Projected Polarization: what we really know about Facebook, Twitter and media
Projected Polarization: what we really know…
Projected Polarization: what we really know about Facebook, Twitter and media
Algorithms. Machine learning. Best practices. Time-saving criteria. Niche. Audience. Reactions. Bubble, segregation, inequality, learning gaps. Priorities. Age. Mental health. Interests and relationships. When we think about social media, we most certainly avoid the word, unless we’re talking to kids. If they’re teenagers, you’ll want to be more specific. They don’t have to understand. But they make use of platforms that shape their whole idea of what the world thinks, what people feel, what they should expect from society. What they can give. How much. And when it comes to algorithms, it may look like they’re not thinking too hard – but are we? How do you separate these generations of readers, or rather, content consumers, from young people who just don’t know better? Should we separate them after all? Do they actually know better and we’re out here having useless discussions? All of these themes deserve our attention. But I just mentioned one of them: the thing that recommends you more of the same. I could say it’s a progression. They recommend you more of the same, because you indicated that’s what you like. Software makes a register. But that’s already a set of things: likes, comments, shares. There’s policy about that.
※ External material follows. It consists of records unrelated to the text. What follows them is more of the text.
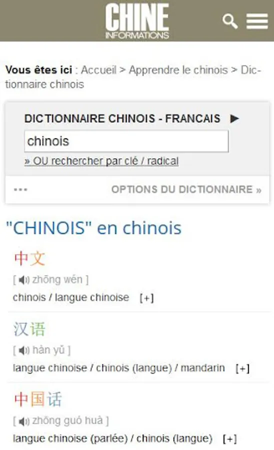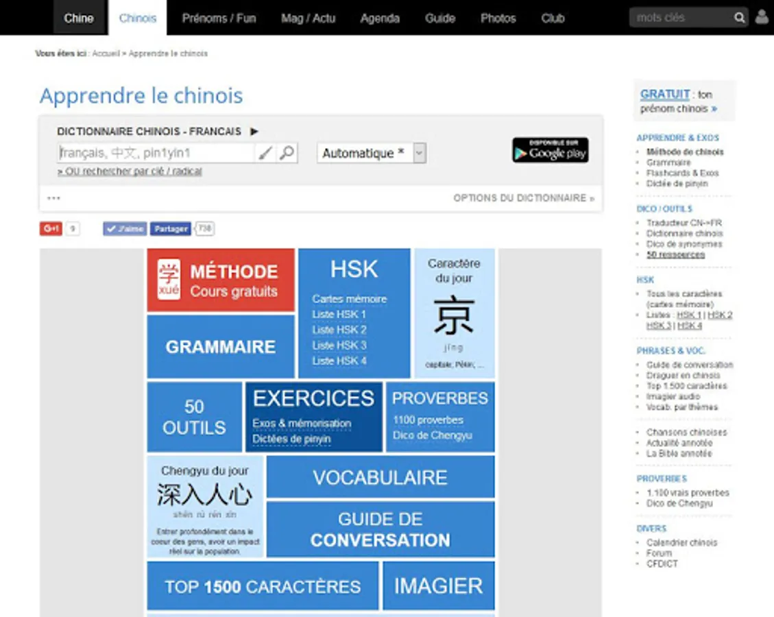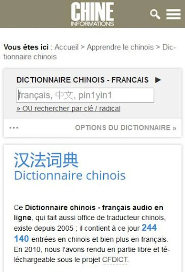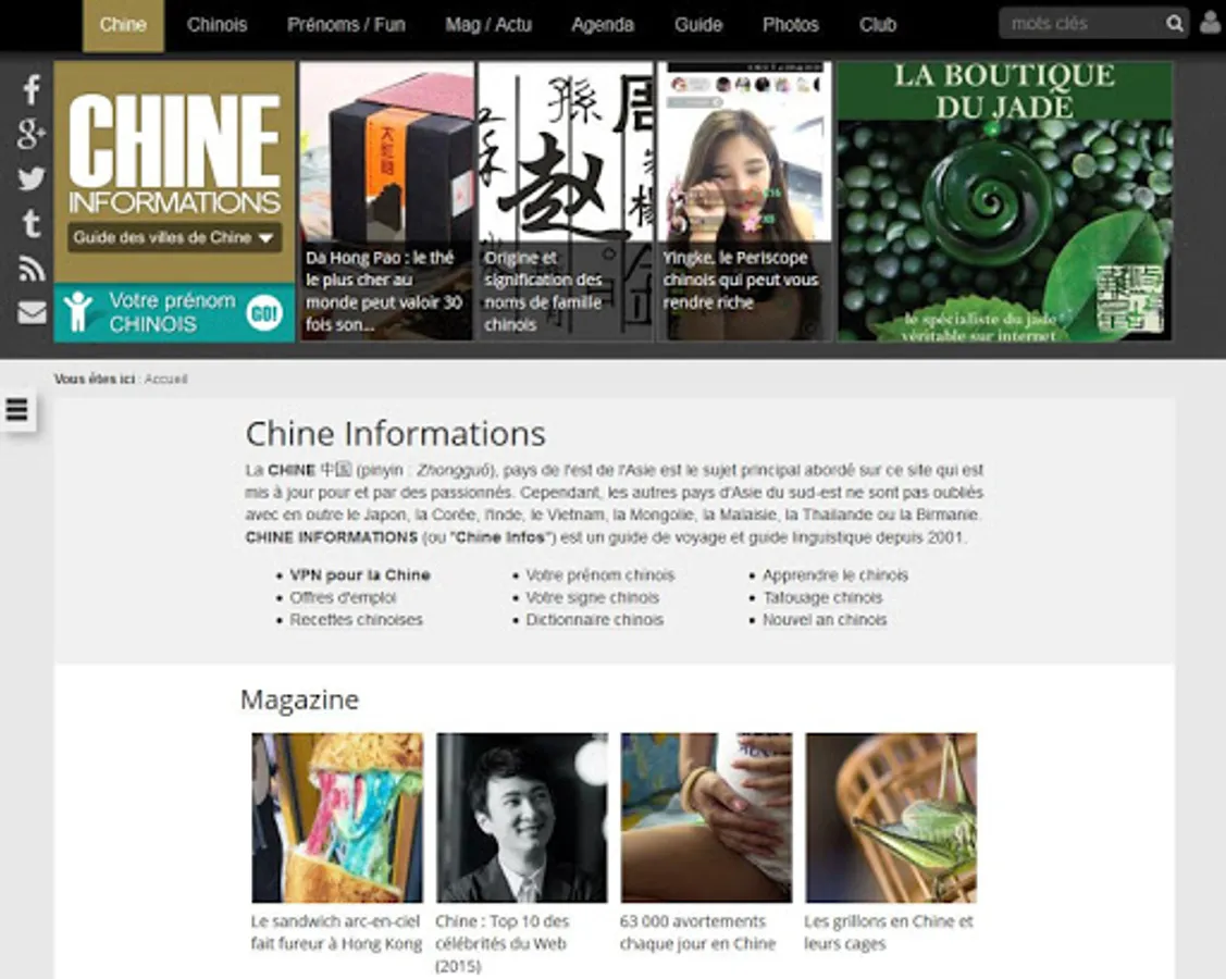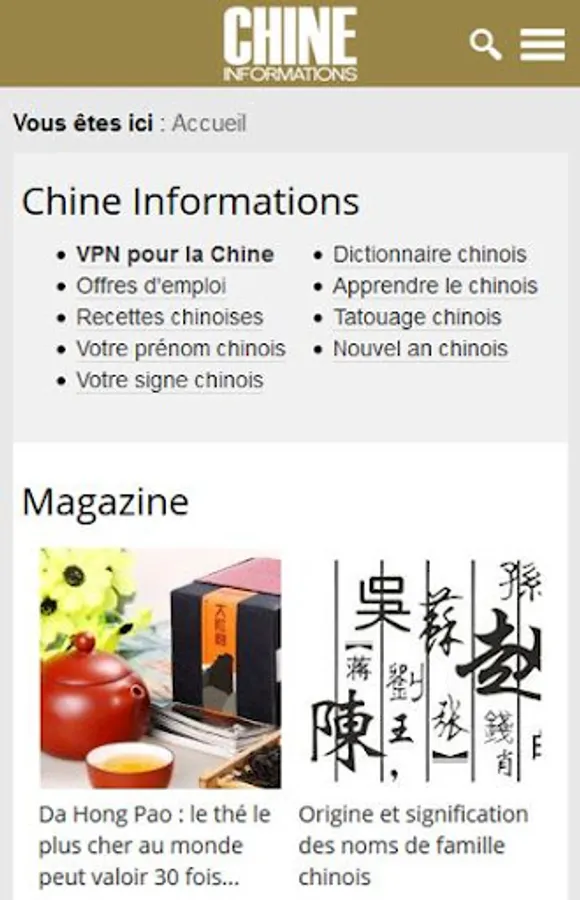 Consult all site smartphone or tablet directly with a single click. Ideal for reading real-time news about China or improve the Mandarin Chinese through the dedicated space that contains among other things a Chinese dictionary, a language audio method, sheets of grammar and vocabulary or exercises.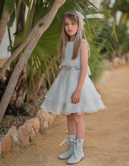 فستان حفل 376 بفيونكة خضراء أكوامارين للفتيات من ماركة MIMILU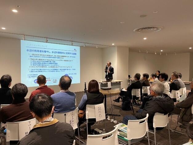 後半のパネルディスカッションでは、国土交通省や松戸市の方々にご登壇いただき、市民の皆さまも交える形で江戸川、ふれあい松戸川の利活用や川を活かした地元松戸市のまちづくりに関する白熱した議論が行われました。
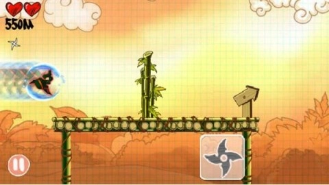 2. 首先拿起三个白色飞镖,使忍者变身为飞镖,进而展开冲刺。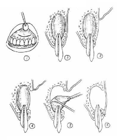 ④凿去骨壁,暴露囊肿 ⑤摘除囊肿 ⑥缝合伤口,患牙作根管治疗并修复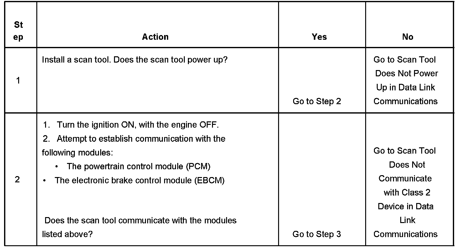 2. Lack of communication may be due to a malfunction in the class 2 serial data circuit. The specified procedure will determine the particular condition.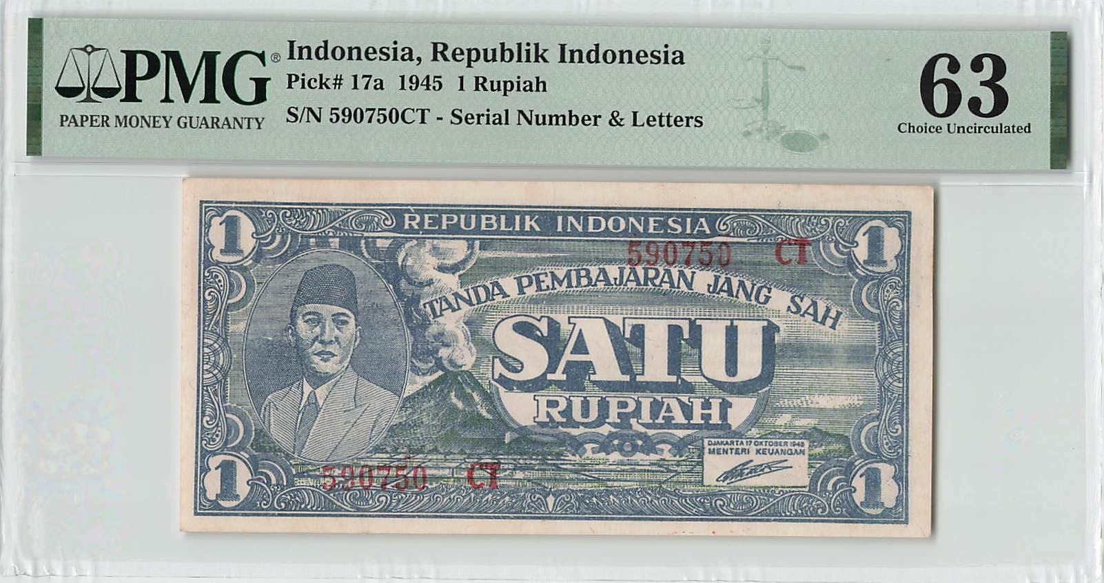 Indonesia 1 Rupiah 1945 Pick 17a PMG Choice Uncirculated 63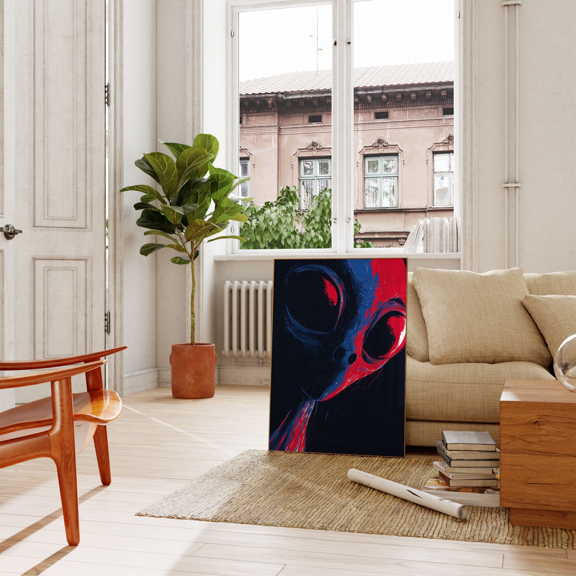 A mesmerizing abstract artwork featuring an ethereal alien form crafted from dynamic swirls of deep navy blue and vibrant red. The image captures a mysterious, almost sentient shape with fluid motion and intense color contrast, suggesting an otherworldly presence emerging from darkness. The sweeping curves and explosive color palette create a sense of mysterious energy and extraterrestrial movement.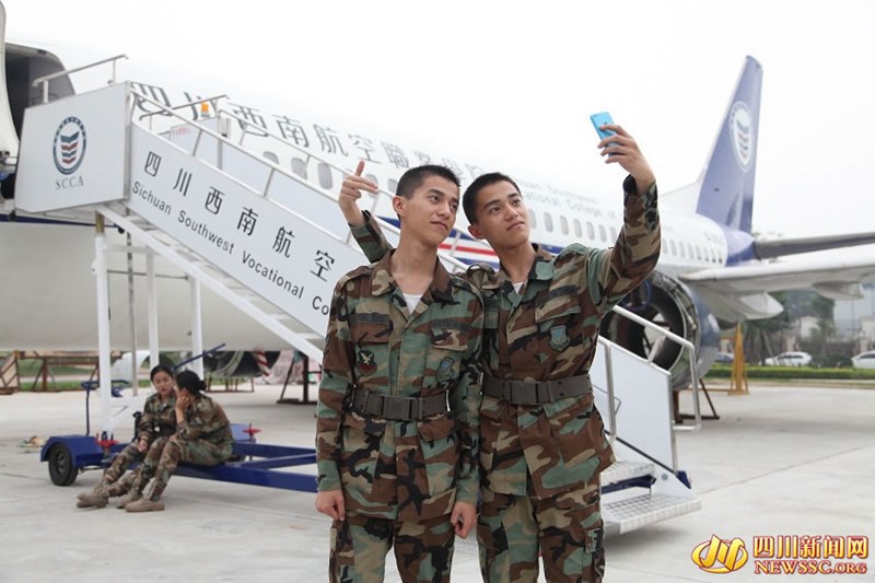 Twins who will become flight attendants take a selfie in Sichuan Southwest Vocational College of Civil Aviation. (Photo/newssc.org)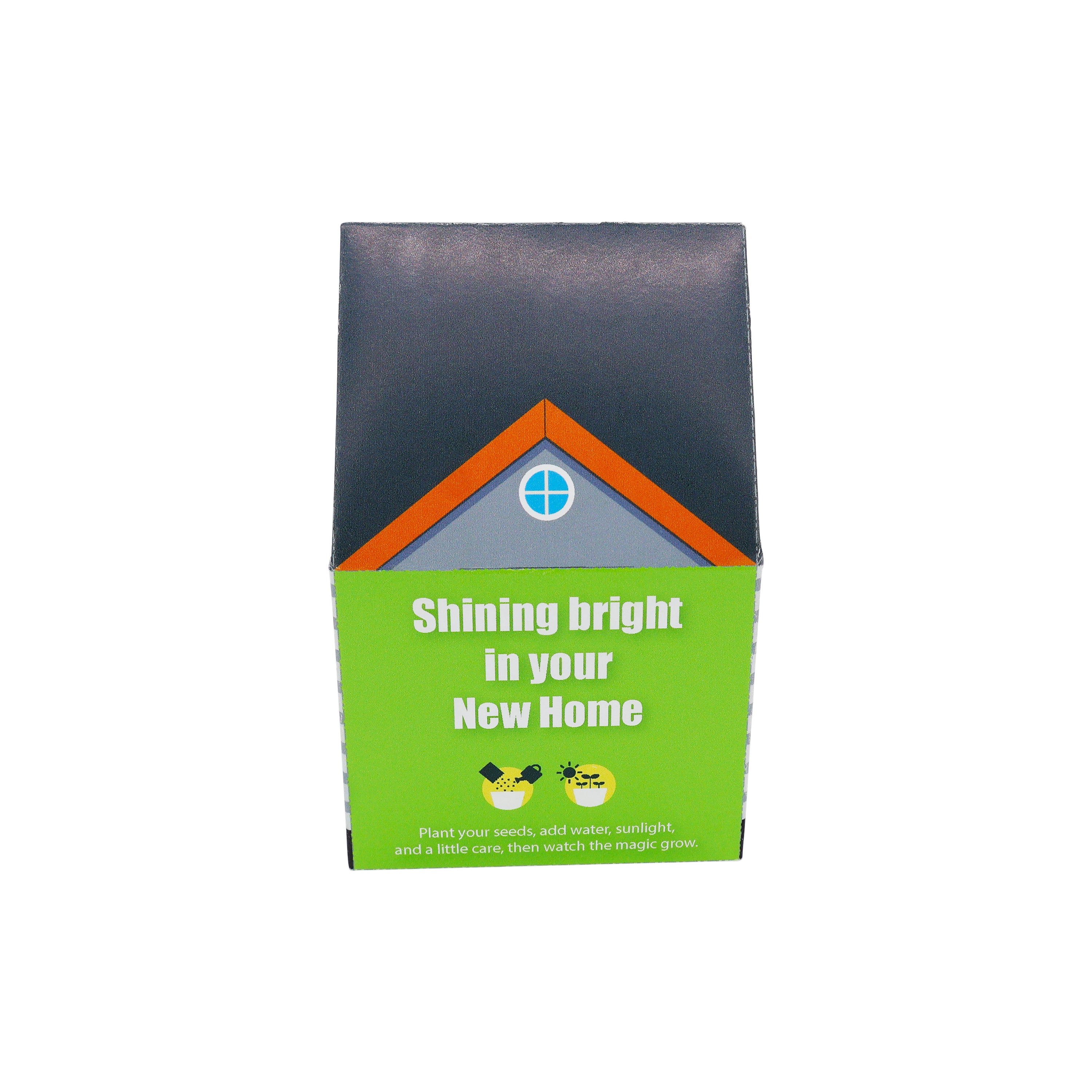 Each kit includes a small pot, coconut husk growing medium, and premium seeds — all packaged in a carton cutely shaped like a house. With its full-color customizable wrap, this gift is both symbolic and practical, making it the perfect way to celebrate homeownership.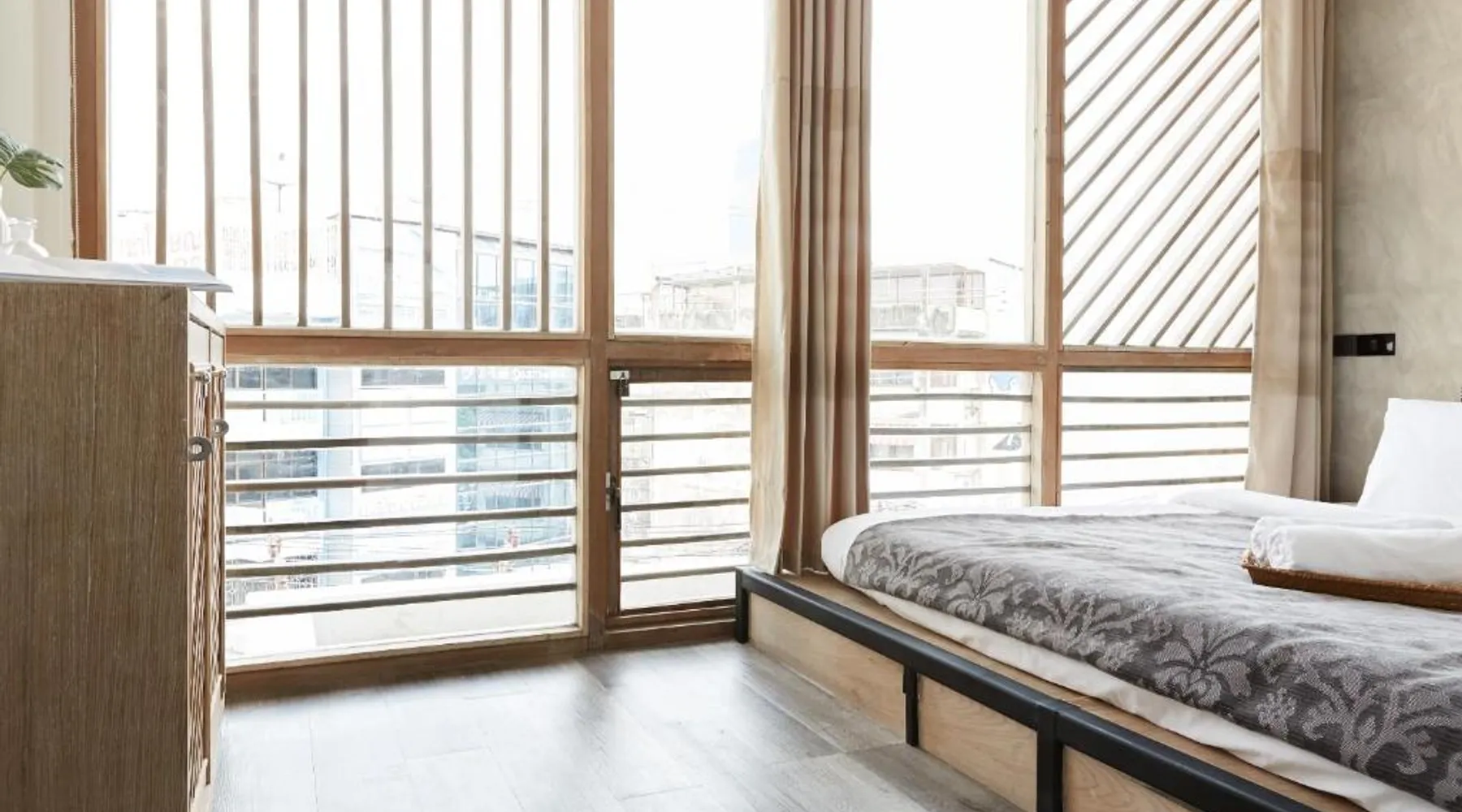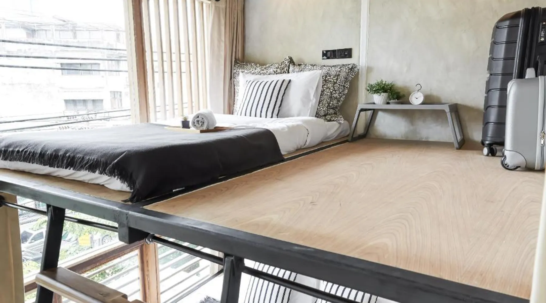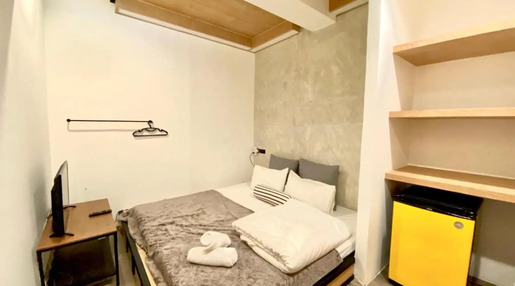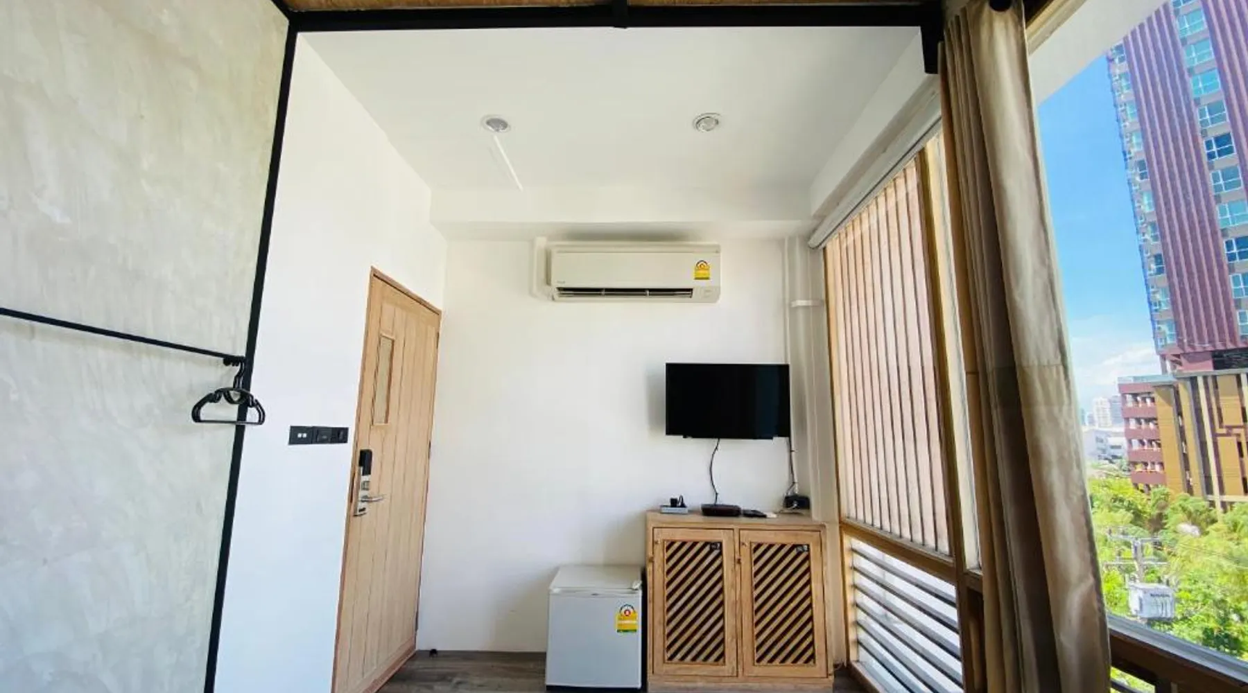 Comfortable Accommodations: Vann Bangkok Boutique House in Bangkok offers air-conditioned rooms with private entrances. Each room includes a shower, private bathroom, and city views. Essential Facilities: Guests enjoy free WiFi, a lounge, coffee shop, and 24-hour front desk. Additional amenities include a hairdryer, refrigerator, TV, and wardrobe, and express check-service. Convenient Location: Located 19 mi from Don Mueang International Airport, the hostel is near attractions such as Queen Sirikit National Convention Center (3.1 mi), One Bangkok (3.7 mi), and Lumpini Park (4.3 mi). Highly rated for its convenient location. The twin room offers air conditioning, a private entrance, as well as a shared bathroom boasting a shower and a hairdryer. The unit has 2 beds.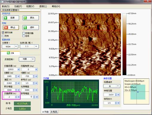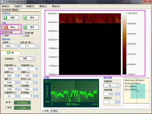 ①在打开的SPM Console 在线控制软件大视图中,找到系统设置窗口中“扫描”按钮,若直接鼠标单击“扫描”按钮,将进行一次样品扫描,一次扫描结束后,扫描自动停止。若选中扫描按钮下方的“循环扫描”后,再单击“扫描”按钮,将不停地重复扫描,直到点击“停止”,扫描终止。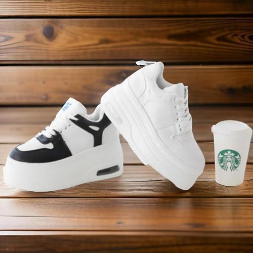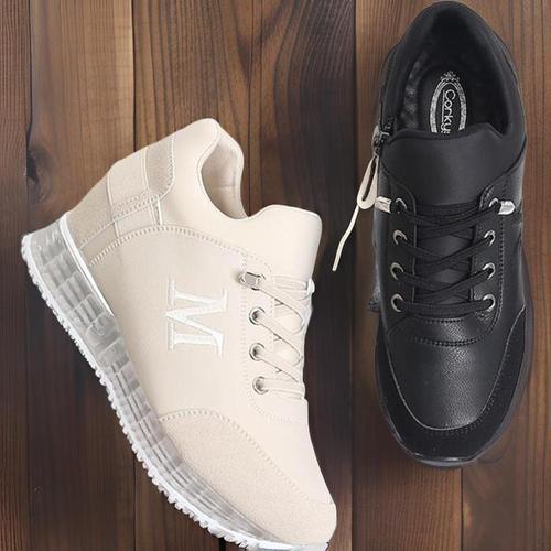 TEMU 여성용 두꺼운 밑창 레이스업 스포츠 신발 | 가볍고 튼튼한 미끄럼 방지, 패셔너블한 캐주얼 신발, 올 시즌, 단색, 폴리우레탄 갑피 및 안창, 패브릭 내부, PVC 밑창

And there are things we came to understand as a spectrum of the unachievable: nobody can learn everything about anything. The old talk of attention span reduction. Sometimes, one sentence says it all. It’s all you need to hear in order to feel seen. And then you reproduce it. You paraphrase it. People react, but in your inner circle, not outside of it. The content you see is part of your knowledge, but that’s very debatable. And you have to go through some filters you created for yourself. These may include age. Maybe you know how difficult it is to talk about lifestyle with a 60 year old, but we’ve known this all our lives. Except their struggles become our own. And we forget about why we came to the internet in the first place. We put family first, we put socially acceptable first, without realizing the convenient and the standard are problematic, or maybe we’ve been failing to do something about it.